L'arrivée en avion avait une ambiance particulière, au milieu des nuages et des averses battant la carlingue. Le paysage visible par les hublots était teinté de gris, presque brumeux. Les étendues de forêts se dévoilaient progressivement à mesure que l'aéronef approchait, teinté d'un vert en apparence plutôt terne sous l'éclairage. Si le temps était impitoyable, le transport se posa malgré tout sans encombre sur la piste.
L'horloge de l'aéroport indiquait Vingt et une heures, soit huit heures plus tôt qu'en Velsna avec le décalage horaire. Après un vol de quatorze heures, il allait sans dire que la journée de Vinola était particulièrement longue et éprouvante. Il fut réceptionné par Lucette elle-même :
-Monsieur Vittorio Vinola, je suis Lucette Dumorne, c'est avec moi que vous avez correspondu. C'est un plaisir de vous voir, vous avez fait bon voyage ? Suivez-moi, une voiture nous attend, je vais vous conduire aux appartements que l'on vous a réservés.
Après un trajet dans le paysage éthéré de la ville nocturne sous pluie battante, dans laquelle les éclairages publics dessinaient des kaléidoscopes de lumière. Un conducteur amenait la voiture et ses deux passagers à l'hôtel où sera hébergé Vinola, les laissant déjà discuter du planning du lendemain. La chambre à disposition était plus que confortable et le service de l'établissement très agréable. Là, le voyageur eu l'occasion de profiter du décalage horaire dans le bon sens : il n'eut aucune difficulté à s'endormir et se réveilla le lendemain à cinq heures, comme s'il avait fait une très grasse matinée.

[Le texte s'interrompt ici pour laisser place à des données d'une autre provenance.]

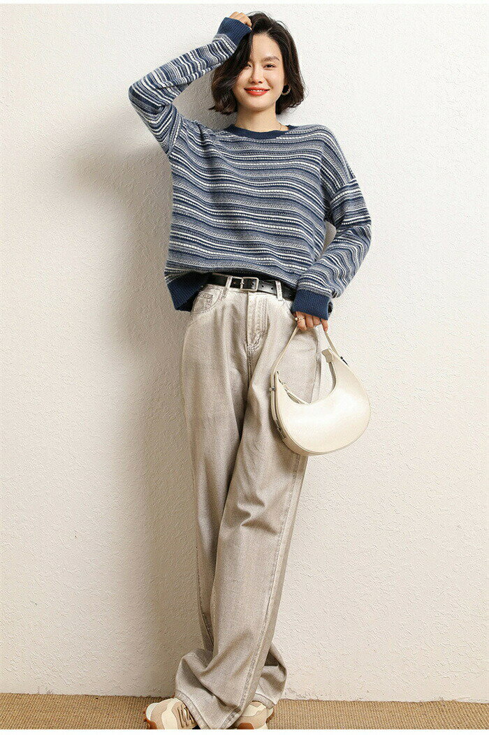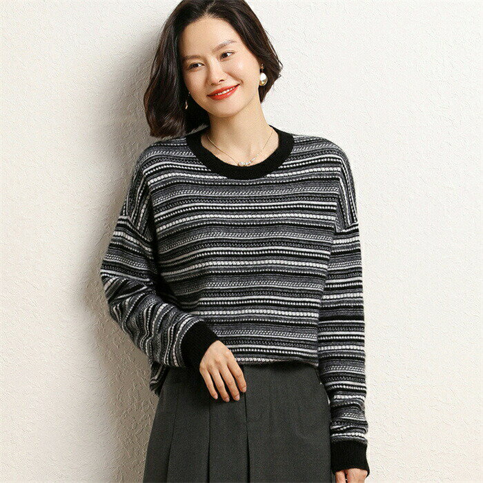 カシミヤ カシミヤセーター レディース ニット トップス ゆったり ストライプ柄 シンプル 長袖 秋冬 上品 細見え効果 綺麗め 体型カバー 着回し 冷え性 保湿性 弾力性 高品質 厚手 20代 30代 40代 50代 母の日 ミセス 実用的 ギフト プレゼント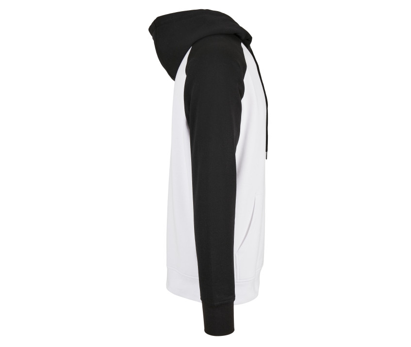 Manches raglan. Intérieur gratté. Capuche et manches contrastées. Capuche ajustable. Poche kangourou. Puce de taille au col.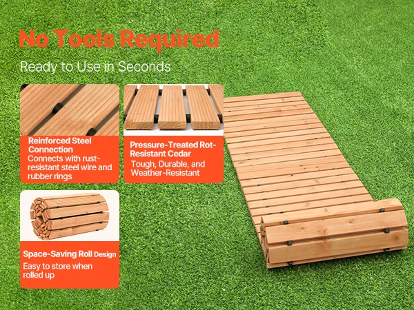 This wooden garden pathway is both beautiful and practical, preventing mud while providing stability. Made from pressure-treated cedar, it features a non-slip design for safety. Ideal for gardens, patios, and gatherings, it's easy to store and perfect for various outdoor settings.
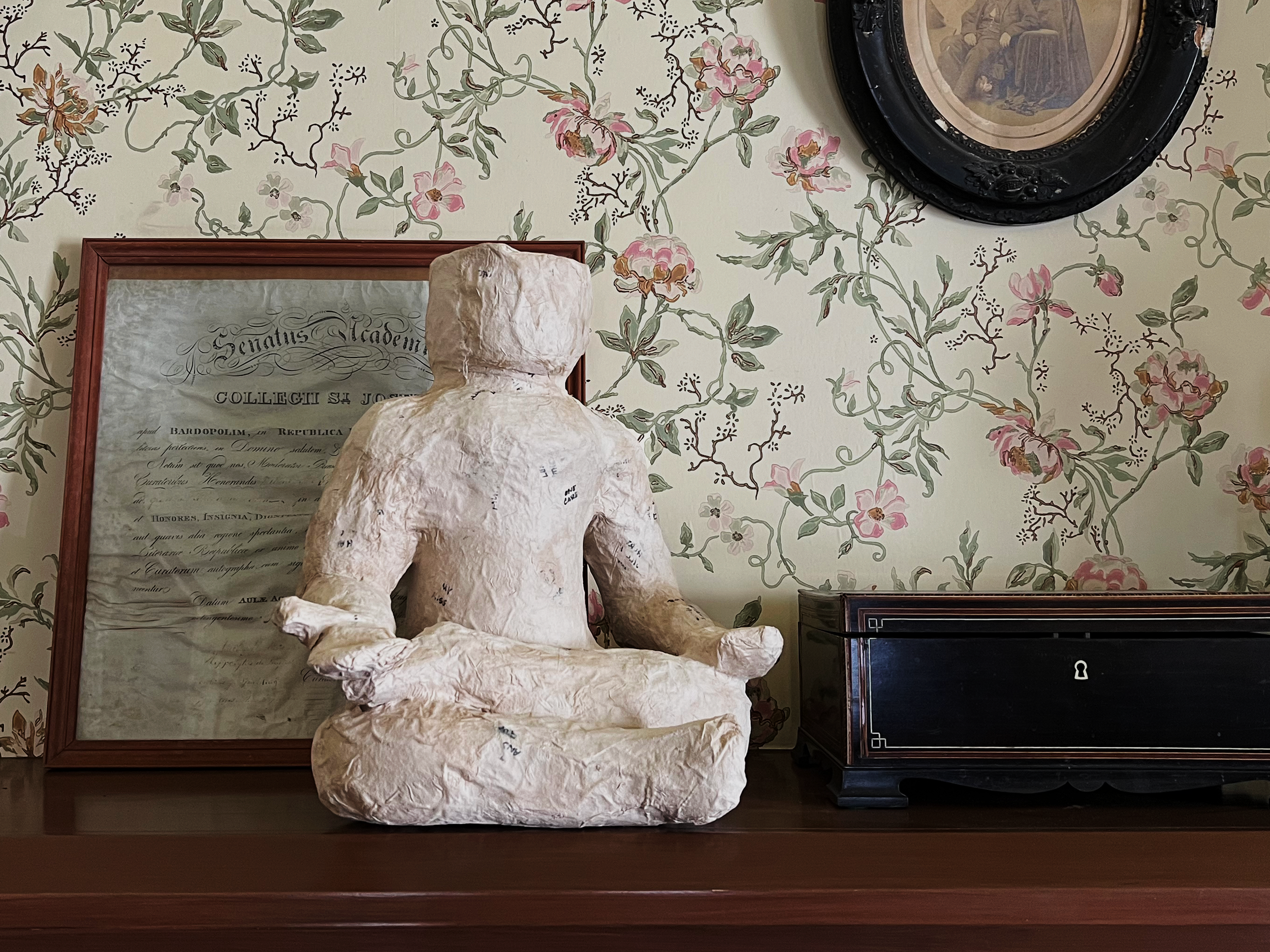 Rituals: The Liminality of Death creates a space that recalls traditional practices surrounding the death of a loved one. This installation is located in a refurbished 1868 home, The Conley House, that features two conjoined spaces.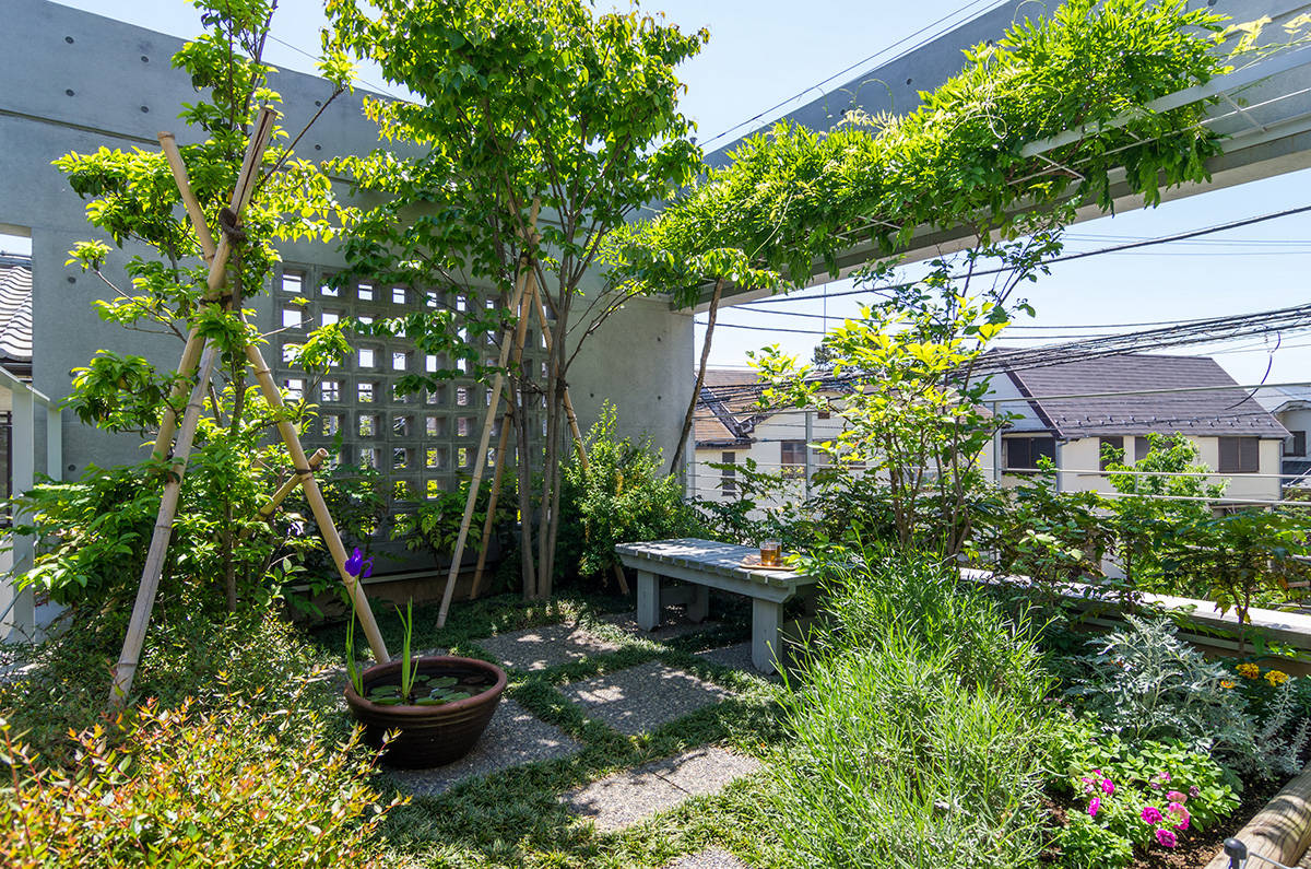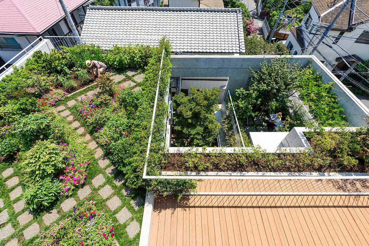 それぞれの庭は立体的に連続し、各世帯を穏やかな距離感でつなげます。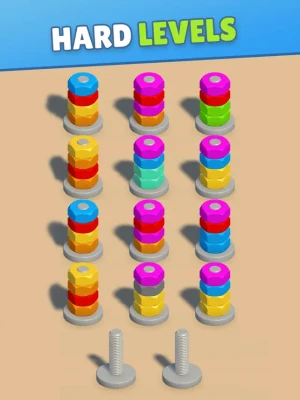 Dive deeper into the game with the screw pin puzzle mode, where arranging screw pins in the correct order becomes a captivating challenge. This mode demands precision and a keen eye for detail, transforming each puzzle into a satisfying endeavor. The integration of nuts and bolts with color sorting tasks ensures a diverse gameplay experience that caters to various puzzle-solving preferences.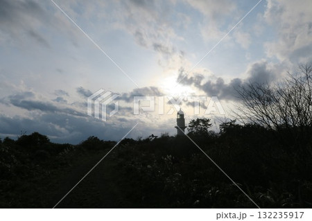 秋の夕暮れの葛登支岬灯台 北海道
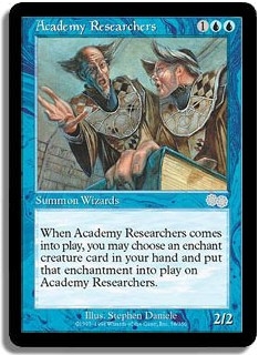 When Academy Researchers comes into play, you may choose an enchant creature card in your hand and put that enchantment into play on Academy Researchers.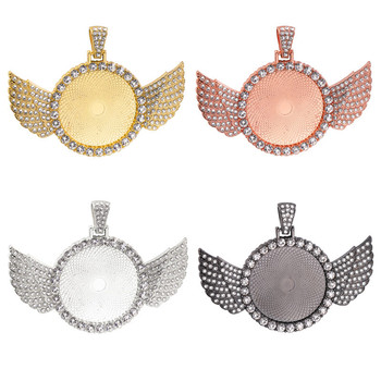 30mm Hiphop Sublimation Necklace Large Photo Frame Pendants Angle Wing Circle Rhinestone Blanks Bezel Pendant Trays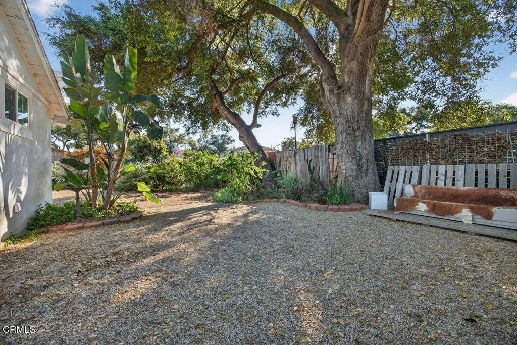 This delightful California bungalow is ideally located in the heart of Ojai's charming Meiners Oaks neighborhood, just minutes from beloved local restaurants and the scenic Ventura River Preserve. Bathed in natural light, the home features an open floor plan that creates an effortless indoor-outdoor flow--perfect for enjoying Ojai's ideal climate. A spacious front porch invites slow mornings with coffee or relaxed evenings spent with friends, while the dining area opens to a charming screened-in porch for easy al fresco living. The primary bedroom is thoughtfully positioned apart from the guest bedroom and bath, offering privacy and comfort, with conveniently located indoor laundry. Recent upgrades include newer kitchen appliances, a newer HVAC system, and upgraded windows, lighting, and ceiling fans throughout. The detached garage features a finished room ideal for a home office or studio, as well as the opportunity for an ADU conversion. A private and generously sized yard is framed by majestic oak trees and dotted with fruit trees, with a welcoming deck perfect for entertaining or unwinding in nature. A true Ojai gem, ready to welcome you home.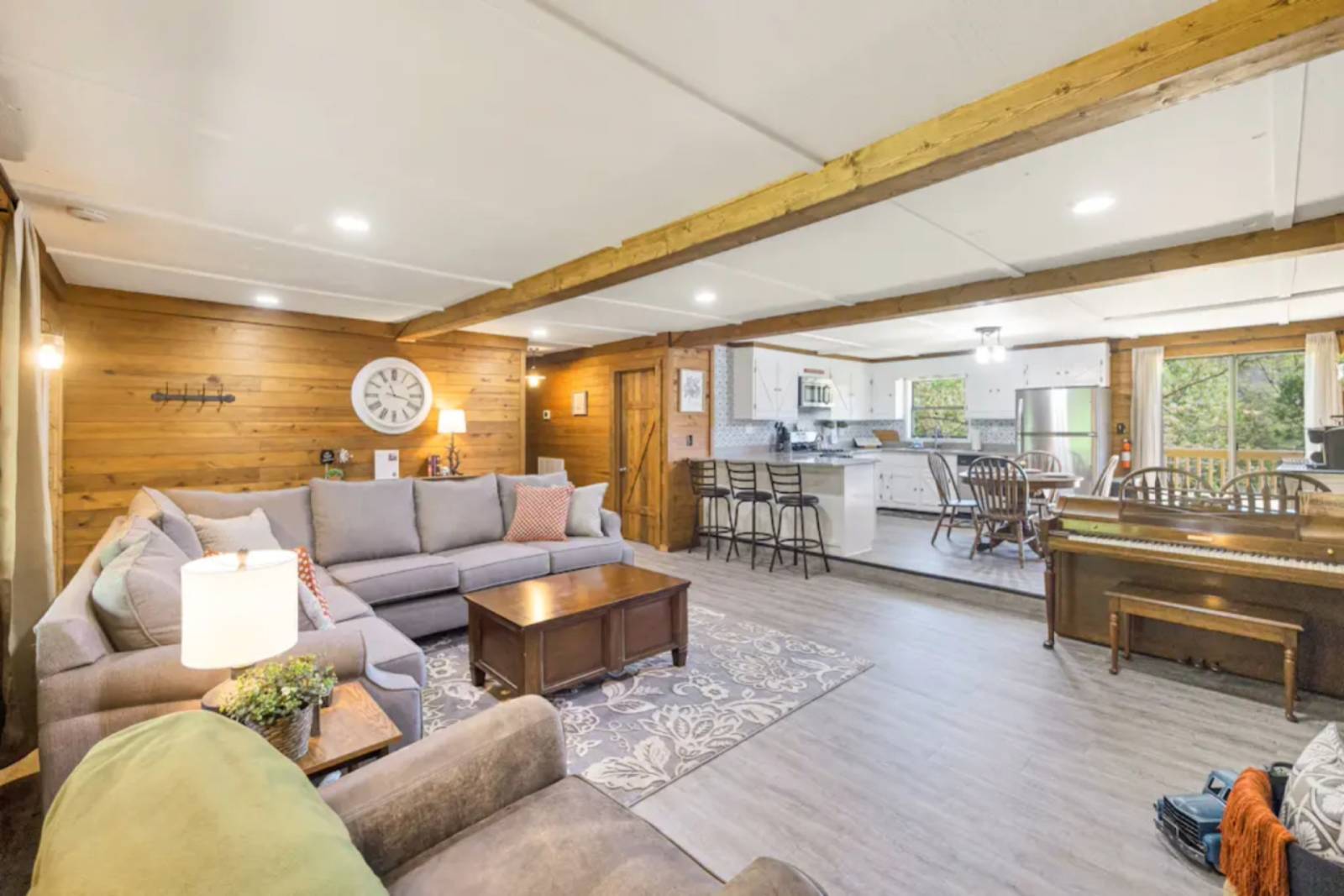 This cabin offers comfortable sleeping arrangements for up to 6 guests, across 4 bedrooms. The primary bedroom has an ensuite bath, while an additional full bath is shared on the main floor. The 4th bedroom, privately located in the back corner of the cabin, has an ensuite 1/2 bath as well. On-site washer and dryer provided as well. Enjoy the fully stocked kitchen with stove, oven, refrigerator, dishwasher, and other appliances to make meals a breeze – including a Keurig, toaster, blender, crockpot, waffle maker, and an array of pots and pans.

Le séminaire se déroula dans l'agora des bois de rose, construit au début de la dynastie éponyme. C'était à l'origine un bâtiment de pierre et de marbre dans un style gothique, tout en colonne, voute et vitraux, avec une toiture acérée en ardoise. Des extensions avaient ensuite été ajoutées, en brique et en bois, dans un style typiquement sylvois. Le bâtiment avait de nombreux usages et était loué à chaque occasion à la mairie : théâtres, concerts, expositions, et séminaire dans ce cas-ci.
Le bâtiment était richement décoré, de statue de bronze, pierre et bois, de tapisseries, et, à l'occasion, de divers écrits encadrés sur les murs çà et là.
La journée se découpait en deux phases : une première avec des présentations effectuées par chaque groupe de penseur, et une seconde avec un grand débat entre les différents intervenants pour revenir sur les différents points impliqués.
Durant cette première partie, furent présentés diverses visions d'un modèle démocratique appliqué selon les réalités du Duché. Diffusion de l'information, éducation des citoyens, prises de décision à l'échelle locale et globale, mais également sur le plan sociétal et professionnel, tant de sujets furent abordés par les branches communistes, collectivistes, syndicalistes et autres formes de démocraties promues par les différents intervenants. Se dessinaient déjà les oppositions entre des sociétés centralisées ou non, planifiées ou au contraire très libérales, proches ou éloignées du modèle capitaliste. C'est durant cette première partie que Vinola eut, s'il l'avait souhaité, l'occasion d'exposer ses ambitions en Velsna notamment sur la question du suffrage censitaire.